## Work item
Nothing in the records may change when you print them out again.

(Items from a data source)

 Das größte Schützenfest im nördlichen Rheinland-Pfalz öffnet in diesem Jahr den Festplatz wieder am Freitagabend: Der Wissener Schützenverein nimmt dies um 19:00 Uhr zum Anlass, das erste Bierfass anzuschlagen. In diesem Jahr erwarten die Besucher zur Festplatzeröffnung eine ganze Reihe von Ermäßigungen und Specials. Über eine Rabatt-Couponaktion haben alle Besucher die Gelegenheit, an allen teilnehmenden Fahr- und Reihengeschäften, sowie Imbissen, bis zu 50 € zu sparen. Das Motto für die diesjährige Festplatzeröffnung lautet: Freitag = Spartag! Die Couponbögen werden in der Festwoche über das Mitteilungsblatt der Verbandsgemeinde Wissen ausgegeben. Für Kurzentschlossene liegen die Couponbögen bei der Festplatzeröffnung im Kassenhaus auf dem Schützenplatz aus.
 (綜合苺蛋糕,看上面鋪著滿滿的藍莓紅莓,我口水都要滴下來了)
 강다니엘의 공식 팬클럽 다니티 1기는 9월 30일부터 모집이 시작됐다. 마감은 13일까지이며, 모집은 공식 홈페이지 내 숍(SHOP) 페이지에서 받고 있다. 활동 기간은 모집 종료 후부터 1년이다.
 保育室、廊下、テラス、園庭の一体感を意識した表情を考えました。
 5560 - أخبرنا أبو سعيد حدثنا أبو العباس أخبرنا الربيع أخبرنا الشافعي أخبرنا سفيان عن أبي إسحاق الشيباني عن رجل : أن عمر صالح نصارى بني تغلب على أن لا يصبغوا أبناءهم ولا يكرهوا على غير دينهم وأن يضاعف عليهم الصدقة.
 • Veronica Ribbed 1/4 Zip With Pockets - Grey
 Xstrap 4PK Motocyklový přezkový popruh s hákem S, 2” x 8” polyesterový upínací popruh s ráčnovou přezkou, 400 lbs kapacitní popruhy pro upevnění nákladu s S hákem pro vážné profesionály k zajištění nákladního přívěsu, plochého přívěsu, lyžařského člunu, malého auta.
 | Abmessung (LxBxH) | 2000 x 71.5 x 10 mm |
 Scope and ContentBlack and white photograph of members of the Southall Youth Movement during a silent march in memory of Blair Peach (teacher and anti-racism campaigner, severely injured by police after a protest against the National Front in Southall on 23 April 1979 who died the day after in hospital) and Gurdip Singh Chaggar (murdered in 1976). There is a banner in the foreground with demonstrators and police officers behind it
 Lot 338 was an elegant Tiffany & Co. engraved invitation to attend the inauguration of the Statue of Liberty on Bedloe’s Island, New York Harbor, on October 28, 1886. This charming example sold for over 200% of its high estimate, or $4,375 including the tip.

## Exercise output
 Das größte Schützenfest im nördlichen Rheinland-Pfalz öffnet in diesem Jahr den Festplatz wieder am Freitagabend: Der Wissener Schützenverein nimmt dies um 19:00 Uhr zum Anlass, das erste Bierfass anzuschlagen. In diesem Jahr erwarten die Besucher zur Festplatzeröffnung eine ganze Reihe von Ermäßigungen und Specials. Über eine Rabatt-Couponaktion haben alle Besucher die Gelegenheit, an allen teilnehmenden Fahr- und Reihengeschäften, sowie Imbissen, bis zu 50 € zu sparen. Das Motto für die diesjährige Festplatzeröffnung lautet: Freitag = Spartag! Die Couponbögen werden in der Festwoche über das Mitteilungsblatt der Verbandsgemeinde Wissen ausgegeben. Für Kurzentschlossene liegen die Couponbögen bei der Festplatzeröffnung im Kassenhaus auf dem Schützenplatz aus.
 (綜合苺蛋糕,看上面鋪著滿滿的藍莓紅莓,我口水都要滴下來了)
 강다니엘의 공식 팬클럽 다니티 1기는 9월 30일부터 모집이 시작됐다. 마감은 13일까지이며, 모집은 공식 홈페이지 내 숍(SHOP) 페이지에서 받고 있다. 활동 기간은 모집 종료 후부터 1년이다.
 保育室、廊下、テラス、園庭の一体感を意識した表情を考えました。
 5560 - أخبرنا أبو سعيد حدثنا أبو العباس أخبرنا الربيع أخبرنا الشافعي أخبرنا سفيان عن أبي إسحاق الشيباني عن رجل : أن عمر صالح نصارى بني تغلب على أن لا يصبغوا أبناءهم ولا يكرهوا على غير دينهم وأن يضاعف عليهم الصدقة.
 • Veronica Ribbed 1/4 Zip With Pockets - Grey
 Xstrap 4PK Motocyklový přezkový popruh s hákem S, 2” x 8” polyesterový upínací popruh s ráčnovou přezkou, 400 lbs kapacitní popruhy pro upevnění nákladu s S hákem pro vážné profesionály k zajištění nákladního přívěsu, plochého přívěsu, lyžařského člunu, malého auta.
 | Abmessung (LxBxH) | 2000 x 71.5 x 10 mm |
 Scope and ContentBlack and white photograph of members of the Southall Youth Movement during a silent march in memory of Blair Peach (teacher and anti-racism campaigner, severely injured by police after a protest against the National Front in Southall on 23 April 1979 who died the day after in hospital) and Gurdip Singh Chaggar (murdered in 1976). There is a banner in the foreground with demonstrators and police officers behind it
 Lot 338 was an elegant Tiffany & Co. engraved invitation to attend the inauguration of the Statue of Liberty on Bedloe’s Island, New York Harbor, on October 28, 1886. This charming example sold for over 200% of its high estimate, or $4,375 including the tip.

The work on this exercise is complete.